Here’s something to try, if you haven’t: something she is allowed to bite, as a clear alternative. A stern “No biting people – it hurts”. I think letting her know it hurts is important. This is something she will understand, from getting bumps herself. Followed by: “You can bite this, though.” One of those teething rings you put in the fridge, or something like the Sophie the Giraffe toy, designed for purpose. And put it to her mouth, or demonstrate. Even if her teeth aren’t the issue (which is a real possibility), it draws a very obvious line between what is allowed and what is not. She might just throw it on the floor. But if it happens every time, she’ll get the link. If her teeth are bothering her, she might enjoy the permitted gnawing.
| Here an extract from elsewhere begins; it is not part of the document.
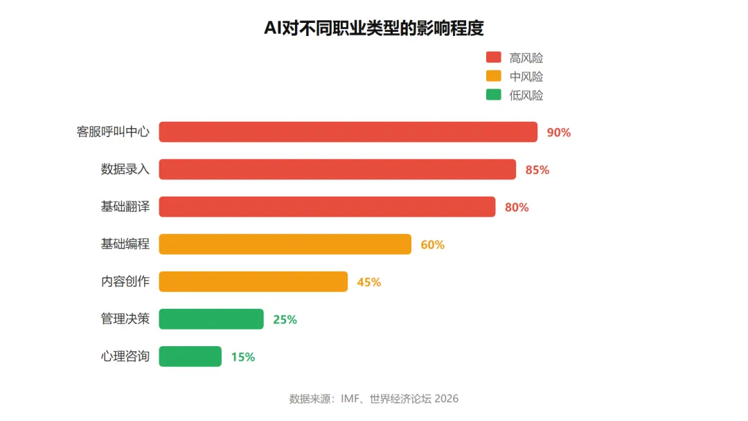 客服呼叫中心、数据录入员、基础翻译——这些高度重复、可量化、几乎不涉及情感交互的岗位,正在被AI系统快速接管。2026年初,IMF在一篇官方博客中明确指出:AI转型的影响比多数人想象的要深远,未来职场的成功与否,取决于当下是否果断开展技能投资和职业转型。

Don’t worry. Think of it like this: the world for this little girl is a completely new and strangely brilliant place. Imagine not having teeth and then suddenly having them. And she’s very sweet, otherwise, you say. Imagine being so overwhelmed with love for people (her parents) that when you’re up close you just want to eat them. But you don’t know it hurts to bite. At your daughter’s age it’s a real transient time between babyhood and being a toddler, and emotions are a big jumble of feelings and the physical. Also – think of the self-control it takes as an adult at the dentist not to bite if there’s an actual finger in your mouth. There has to be something primal in there!
What if she’s doing it because it’s mischief? To get a funny reaction? The answer is the same – she’ll have to learn that there’s no traction, that every time she bites, the adult says no, it hurts, here’s something else. There are some things children just have to be told again and again. Suffice to say, Sisyphus should be patron saint of parenthood. And if the process is long, if she’s still doing it in a year, you’ll be able to find different ways of conveying the message as she grows in understanding. But for now, it’s just something you’re working on letting her know about.
Because she’s not at nursery yet, it means you can really work on this before she’s outside your supervision. Which you are already doing. Just on that note – if you can tackle your worry, if you can possibly allow yourself to think that you are doing a good job, doing the right thing in your own way, then you won’t be so panicked about the process that she’s going through.